しかし、実際には、主イエスは十字架の死を遂げました。今日の福音書の日課では、主イエスは「互いに愛し合いなさい」との勧めを語られます。ここでの主イエスの状況は絶望的であることを皆さんは理解されているでしょうか。弟子のユダは、既に裏切りのためにこの場を出てしまっています。主イエスは捕まる前のお別れの説教を今日の日課でしているのです。おそらく主イエスはこの後、弟子全員にも裏切られ、見捨てられることも分っていたはずです。しかし、それにも関わらず主イエスは、ここで「互いに愛し合いなさい」と、心の叫びにも似た言葉をかけられるのです。主イエスはこの絶望的な状況の中で、あえて愛の教えを語られます。主イエスこそ、実は、他の誰よりも人間の弱さや愚かさを理解している神の子です。人間の弱さ、愚かさ、つまり罪が最も表れているのが主イエスの十字架なのです。
主イエスは、人間の罪を背負い、その罪を根本から赦すために十字架の上で死なれました。ここに本当の意味で、罪の赦しの十字架を通して、神の愛と憐れみが示されたのです。十字架に表れた神の愛と憐れみ、そして罪の赦し、ここに新約聖書の新しい神の理解があるのです。人間の諸々の罪を赦す、神の無償の愛が、主イエスの十字架に表れたのです。
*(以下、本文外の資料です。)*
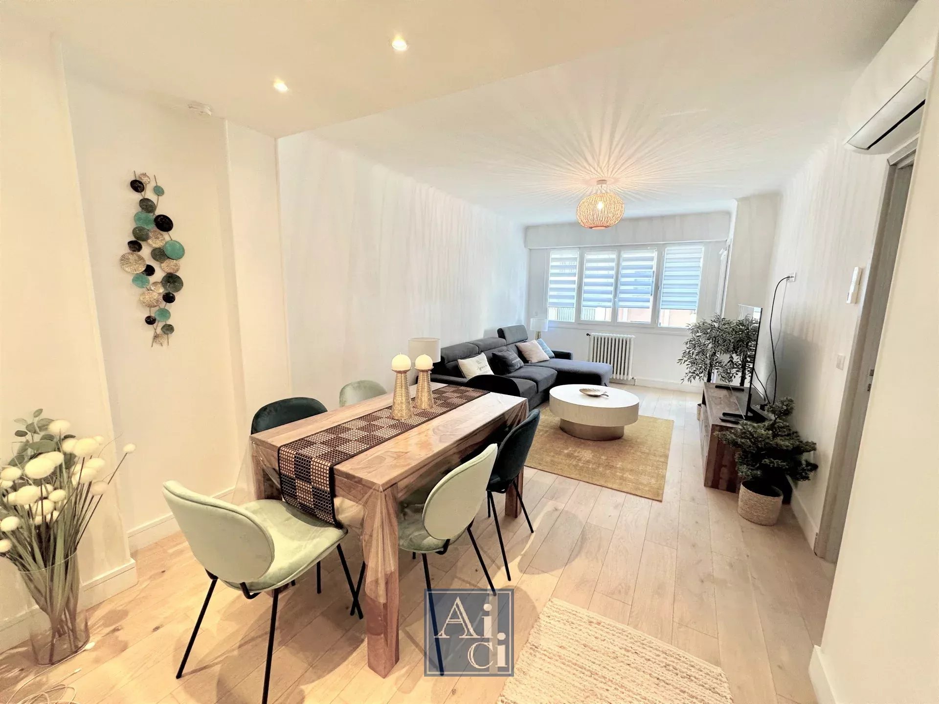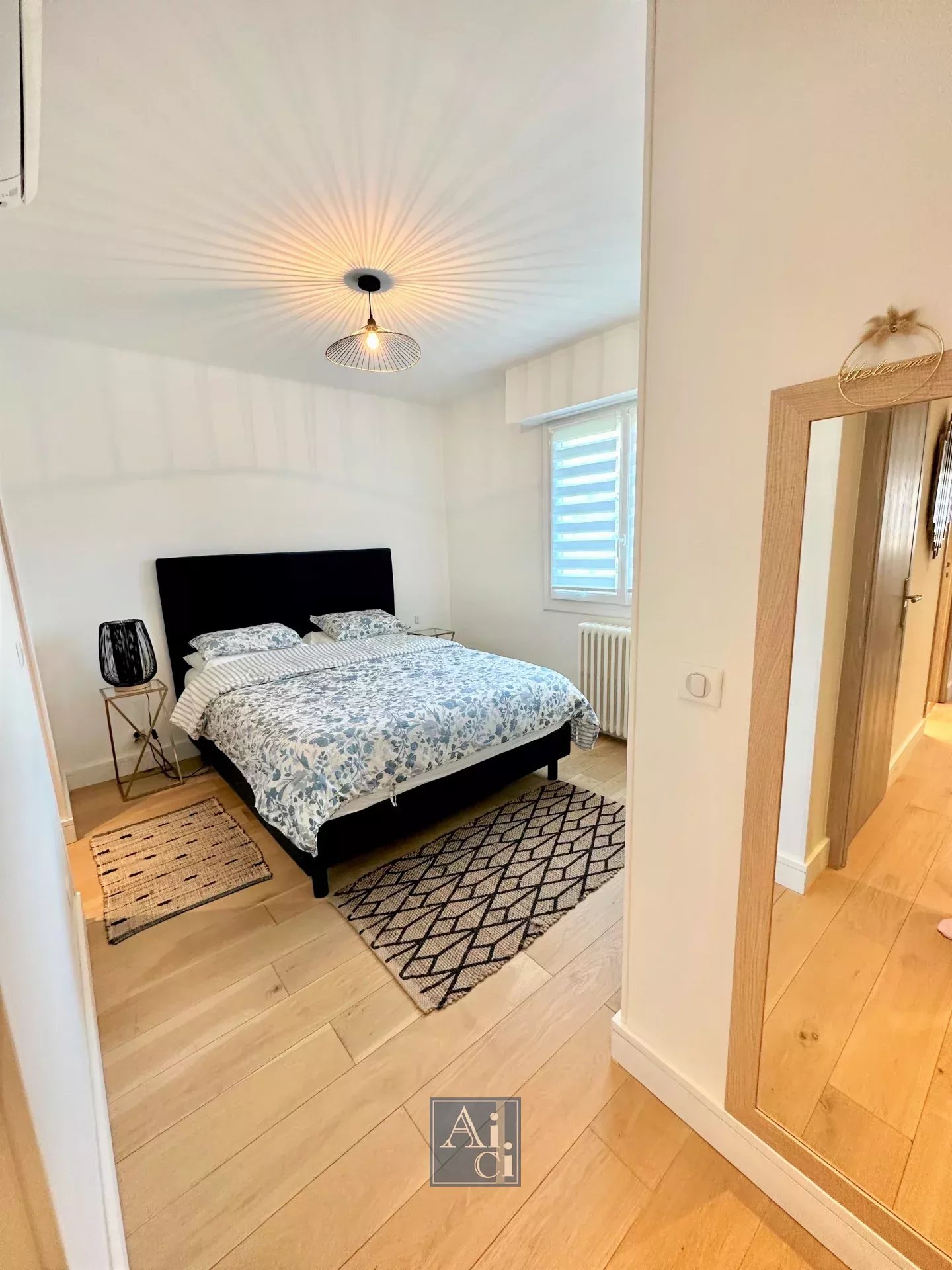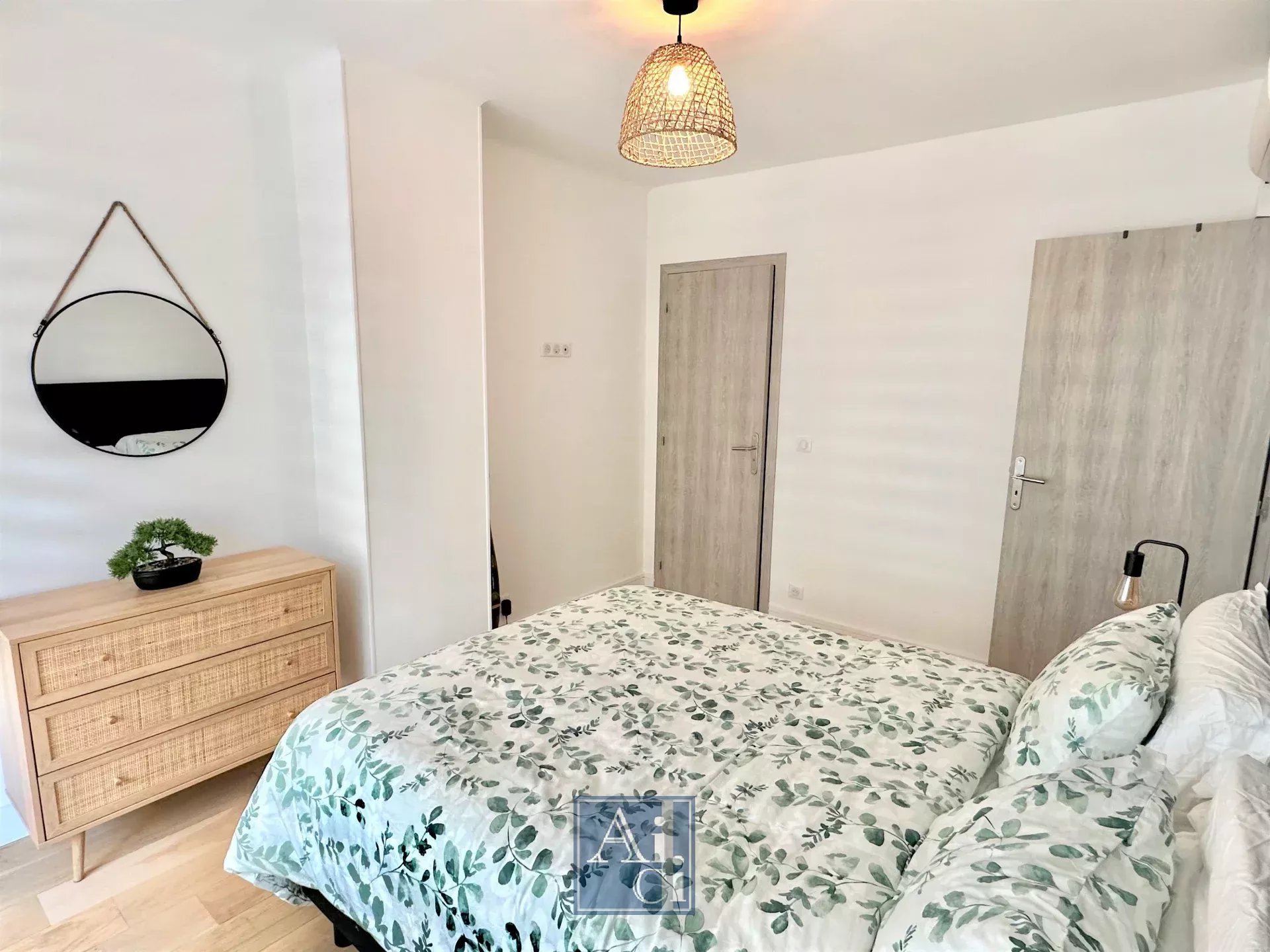 Cannes near the Martinez Hotel. New 2 bedrooms apartment. Entrance with guest toilets, large living room, equipped kicthen, 2 bedrooms with 2 bathrooms. Balcony with lateral sea view. A/C. Wifi.

今日は旧約聖書の聖戦の思想と、最期には、愛と赦しを示す十字架の主イエスを通して、新約聖書の神理解についても分かち合ってきました。
今日は、平和主日です。神のみ名のもとに今も戦争の悲劇を繰り返す人間の弱さ、愚かさ、そしてその罪を見つめたいと思います。しかし、まことの平和の王として十字架の上で神の愛と赦しを示された主イエス・キリストに讃美と感謝を捧げたく思います。今日の平和主日礼拝において、豊かな恵みの神に対して、私たちの平和の祈りを重ねていきたいと思います。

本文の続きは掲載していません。